Most published studies may well be false, but that's no basis for substantively discussing a specific one, any more than "most movies are bad" is a movie review.

The problem, dang, is that some of the submissions here are generic submissions (health is a chronic topic here, because we all desire to be healthy), and not submissions based on a line-by-line reading of a few different sources to see which one is worthy of discussion here. A university press release about a small-n preliminary research finding rarely deserves more dismissal than noting it is a publicity puff piece about an unsettled conclusion.

We only discuss what's submitted here. The first filter that distorts reality here is what never gets submitted, because it is thoughtful and nuanced and takes too much thinking to read and discuss.

> I have to strenuously disagree with you (respectfully, of course)

Try not to trip on those eggshells.

It's not just a meme. There have been multiple articles and papers the last few years on how a great number of clinical trials are statistically underpowered and therefore suspect; this includes a 2005 paper entitled "Why Most Published Research Findings Are False", which analyzes "49 of the most highly regarded research findings in medicine over the previous 13 years" and finds that a worrying number of them hasn't stand replication.

And when people talk about underpowered studies, it's mentioned less than 100 individuals, not less than 20.

Oh I know. You're preaching to the choir, believe me! But that's not the meme. The meme is invoking it to dismiss a study with no further thought and no specific content.

Small samples get overinterpreted, many published findings are false, etc.—it's all true and the community here is well aware. But it's a gross overreaction to dismiss small-sample experiments wholesale. Even a few seconds' reflection is enough to see that.

For example, assuming this experiment was rigorous, it didn't need more than 16 subjects to find that greater saturated fat in diet doesn't automatically cause greater fat in blood. Additional resources might be better spent on future samples (i.e. replicating the finding by other researchers) than on a larger single sample, which is probably a game of rapidly diminishing returns. And so on.

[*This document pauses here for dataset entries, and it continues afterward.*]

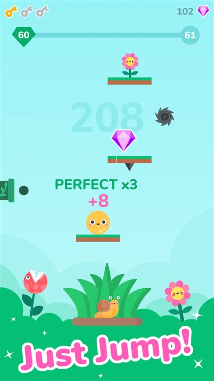 To get the flowers at the top, the brave little ball needs to overcome the difficulties and obstacles all the way by jumping up and up!
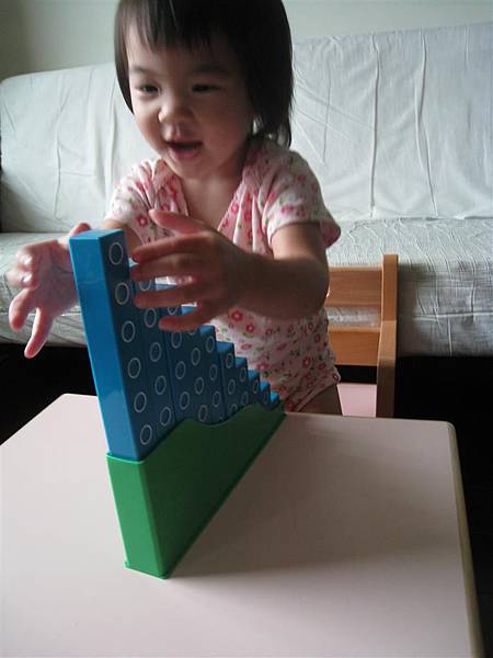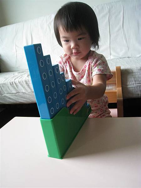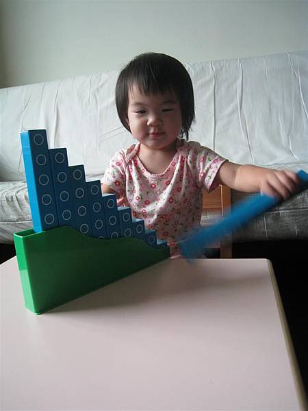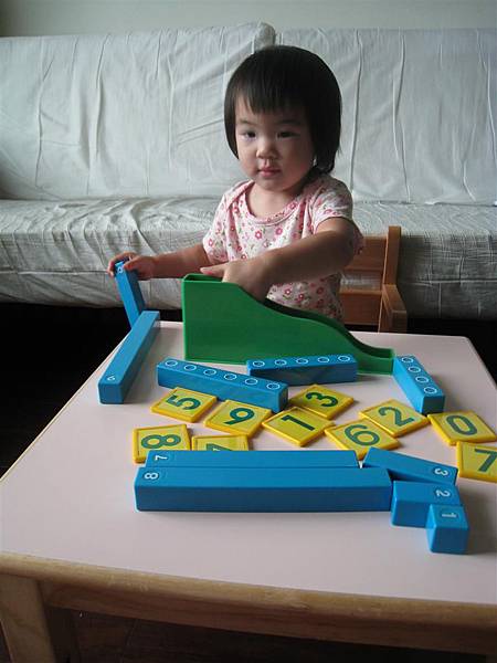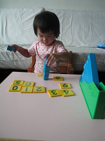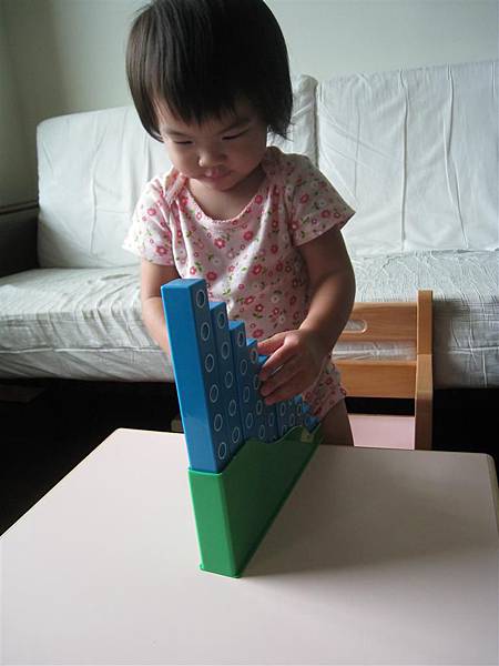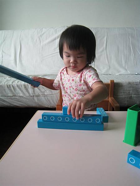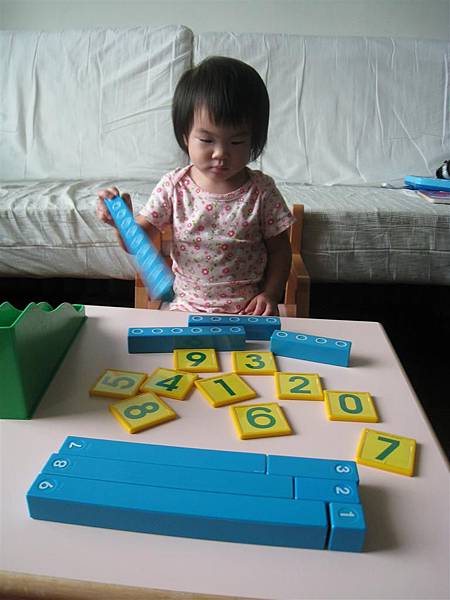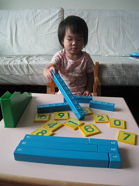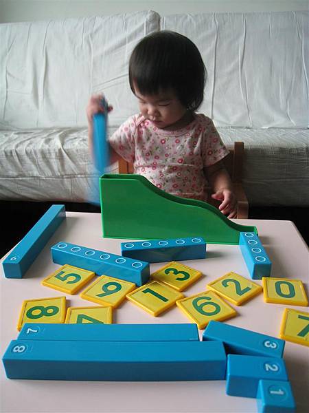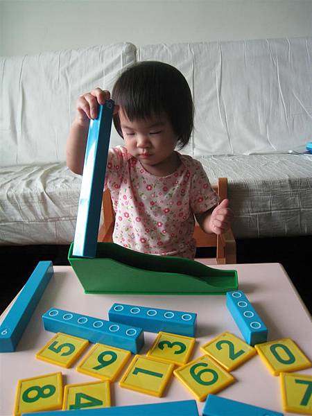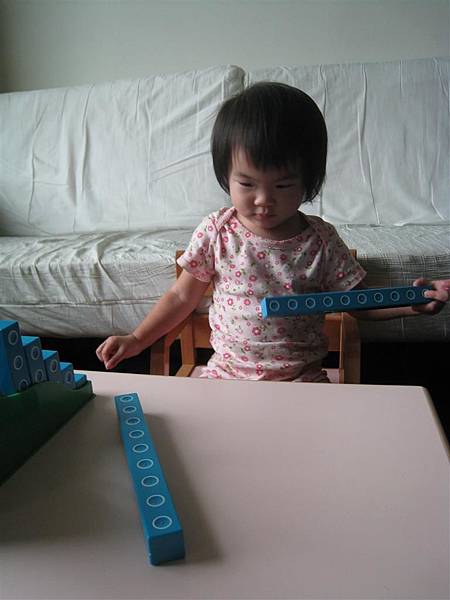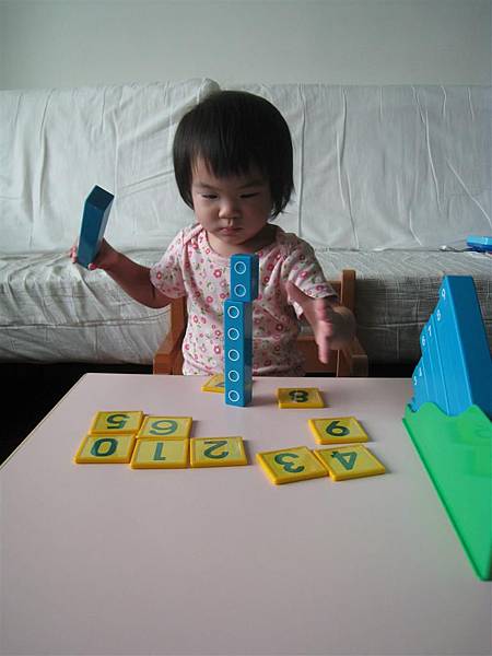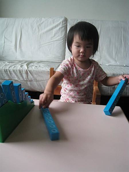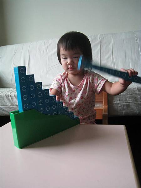 撇開數學不論,對一歲兒來說能把棒子全都放進去也是很棒的手眼協調練習,
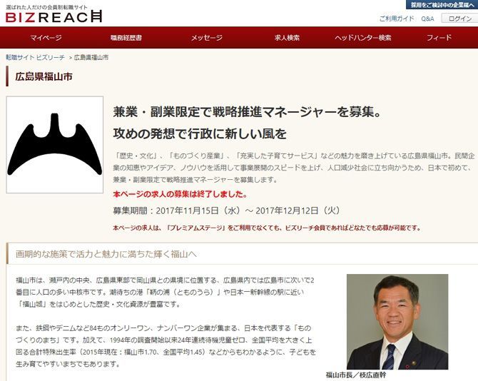 転職サイト「ビズリーチ」での募集ページ。現在は募集は終了している。
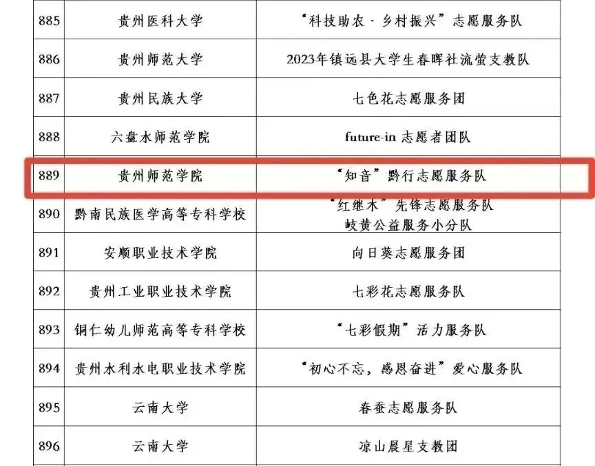 为深入学习贯彻习近平新时代中国特色社会主义思想和党的二十大精神,团中央青年志愿者行动指导中心,中国青年志愿者协会秘书处近日发布了《关于遴选2023年七彩假期志愿服务示范团队的公告》,来自全国各个高校的3762多支志愿服务团队提交了申报材料,经审核遴选,共有1000支团队入选2023年“七彩假期”志愿服务示范团队。公司的“知音”黔行志愿服务队入选2023年“七彩假期”志愿服务示范团队。
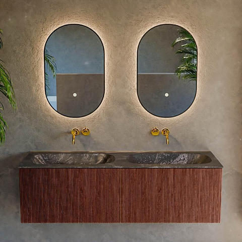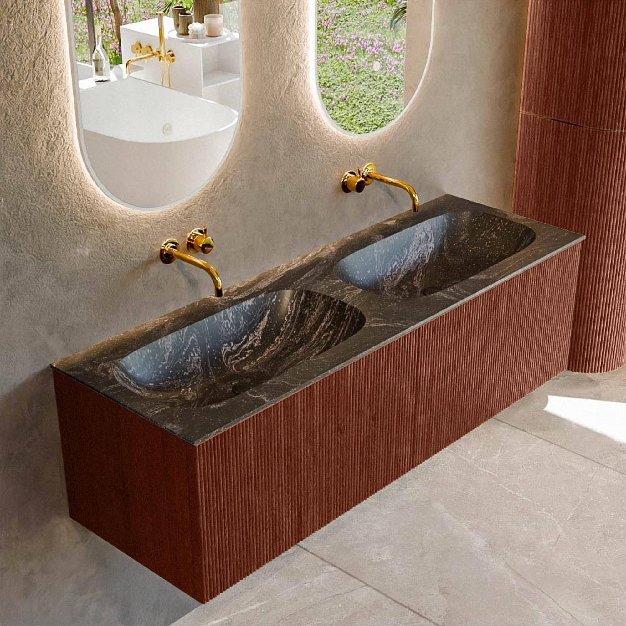 Ensemble de meuble de salle de bain Mondiaz KURVE-DLUX - 140x46x40cm - 2 tiroirs - lavabo en solid surface - double - sans trou de robinet - Ruby

The point is that HN wants reflective discussions, not reflexive ones. It takes no work and no real thought to pick out one detail that people are currently primed to fuss over and make a post of it. That's not reflection, it's habit, and its payload is not learning, but reinforcement. Reflection requires engaging with the material—this specific material.

There are two ways to do that. One is to dig in and learn the material, think about it, and report your findings to HN. The other is to happen to know something about it in the first place. The first takes work, the second luck. Comments based on neither work nor knowledge are likely not to be substantive. That's why want to avoid generic dismissals as opposed to specific ones.

They only analysed 49 research findings? Pah! Far too few to draw any real conclusions :)
Keep in mind that the clearer an effect is, the smaller the sample size has to be.